嫉妬の魔女と封印の関係については嫉妬の魔女の正体解説とサテラのキャラ解説で詳述しているが、メローぺはまさに「監視塔」の名にふさわしい、世界の根幹に関わる封印を孕んだ最深部なのである。スバルが背負う「魔女の残り香」、エミリアとサテラの関係——あらゆる伏線が、このゼロ層に向かって収束していく。
マイア=ヴォルカニカの試練
マイア層でヴォルカニカが課す試験は、単なる戦闘ではなく「資格を問う」儀式である。神龍は雲を貫く高みから挑戦者を見下ろし、その者が王たるに足る器を持つか、塔を継ぐに値する魂を抱いているかを問う。ヴォルカニカは長き眠りから半ば覚醒した状態にあり、すでに往時の知性のすべてを保ってはいないが、それでも試験官としての本能は残されていた。
スバル一行にとってマイア層への到達は、第六章終盤の最大の山場となる。光の針が落ちる屋外の屋上、龍の鎮座する六本のモノリスの陣——その光景は、第六章のクライマックスを象徴する一枚絵として読者の記憶に焼き付くこととなった。
タイゲタ大書庫——叡智の集積場
三層タイゲタに並ぶ「死者の書」は、第六章の物語そのものを駆動する装置である。書を開いた読み手は、その人物の生涯を一人称視点で追体験することになり、肉体は意識のないまま長時間を消費する。スバルもまた、ある人物の死者の書を開くことで、自身の出自と「死に戻り」の本質に肉薄していくことになる。

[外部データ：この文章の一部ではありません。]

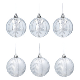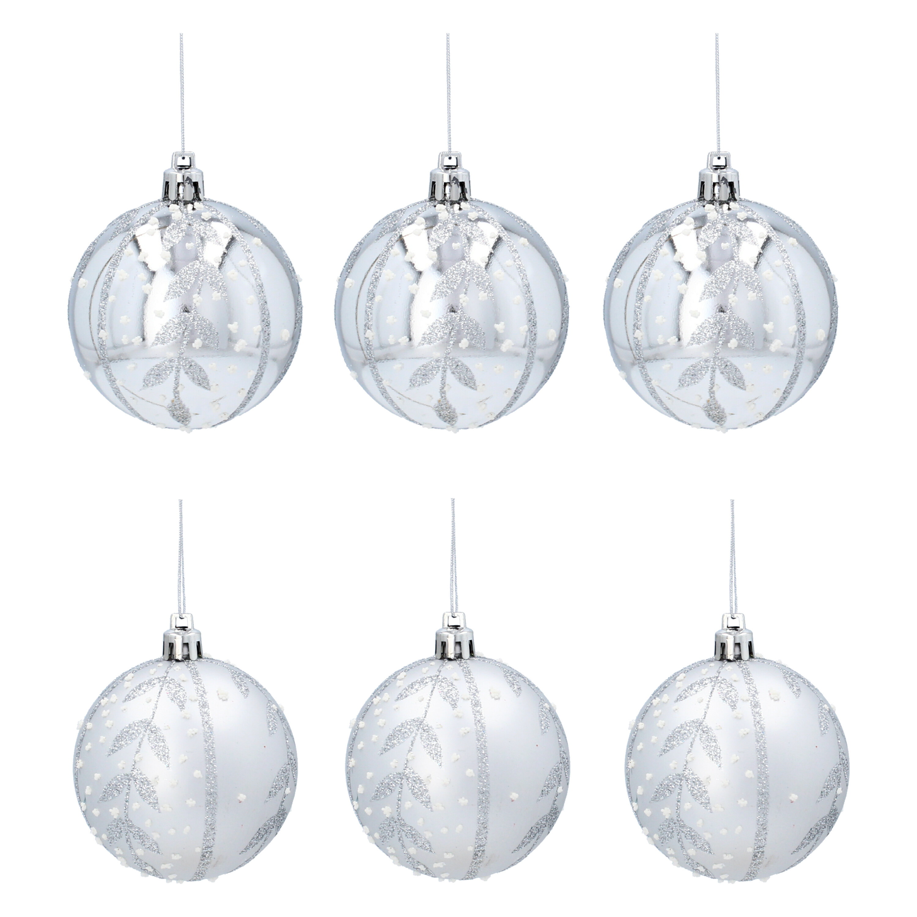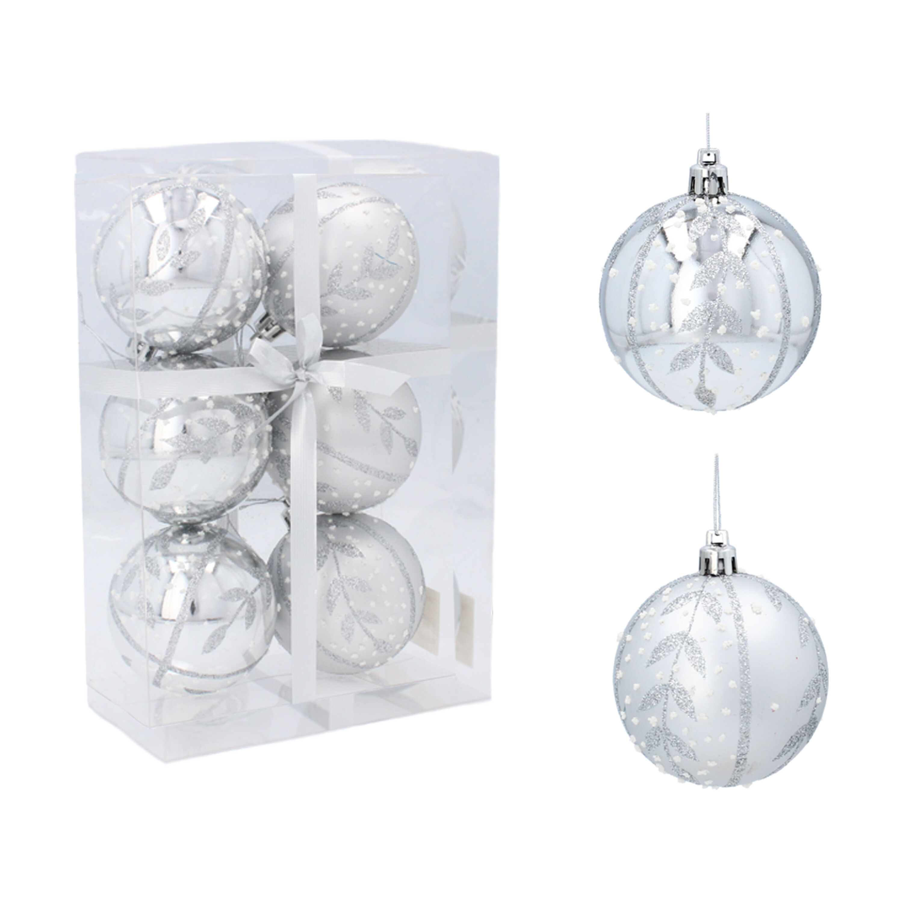 Aga Vánoční baňky 7cm 6ks Stříbrné - Lístečky

タイゲタの試験は、知の濫用を防ぐための門番として機能している。膨大な書庫すべてに自由に触れられるわけではなく、書庫を巡る作法と謙虚さ、そして「知ることへの覚悟」が問われる。これは大図書館プレイアデスの理念——叡智を継ぐにふさわしい者にのみ知を開く——を体現した仕組みなのだ。
Arc6でのスバル一行の突破
第六章において、スバル・エミリア・ベアトリス・ユリウス・メィリィ・ラム・パトラッシュ等の一行は、賢者シャウラを訪ねるという名目でプレアデス監視塔へと至る。当初の目的は、世界の謎を解く鍵を求めての来訪であったが、塔の内部で彼らを待ち受けていたのは、想像を絶する試練の連続だった。
第六章前半、塔の周囲が「魔女教大罪司教ライ・バテンカイトス」「強欲のロイ・アルファルド」「暴食のルイ・アルネブ」ら大罪司教の襲撃を受け、ユリウスは記憶を奪われ、塔内の秩序は混乱を極める。スバルは「死に戻り」を駆使して試験を巡る攻略のルートを模索し、各層を一つずつ攻略していく。詳細な攻略順とイベントの推移はArc6監視塔編の総まとめで時系列順に追っているが、各層突破は単なる戦闘の勝利ではなく、登場人物それぞれの「自己との対峙」によって達成されていく。
エミリアが新管理者になった経緯
第六章のクライマックスにおいて、シャウラの「お師様への忠誠」が極限まで高まり、彼女は本来の魔獣・紅蠍の巨体に戻って暴走する。これは、スバルがフリューゲルと声紋・気配が酷似していることに起因する誤認も絡んでおり、塔のシステム自体が乱調をきたした結果でもあった。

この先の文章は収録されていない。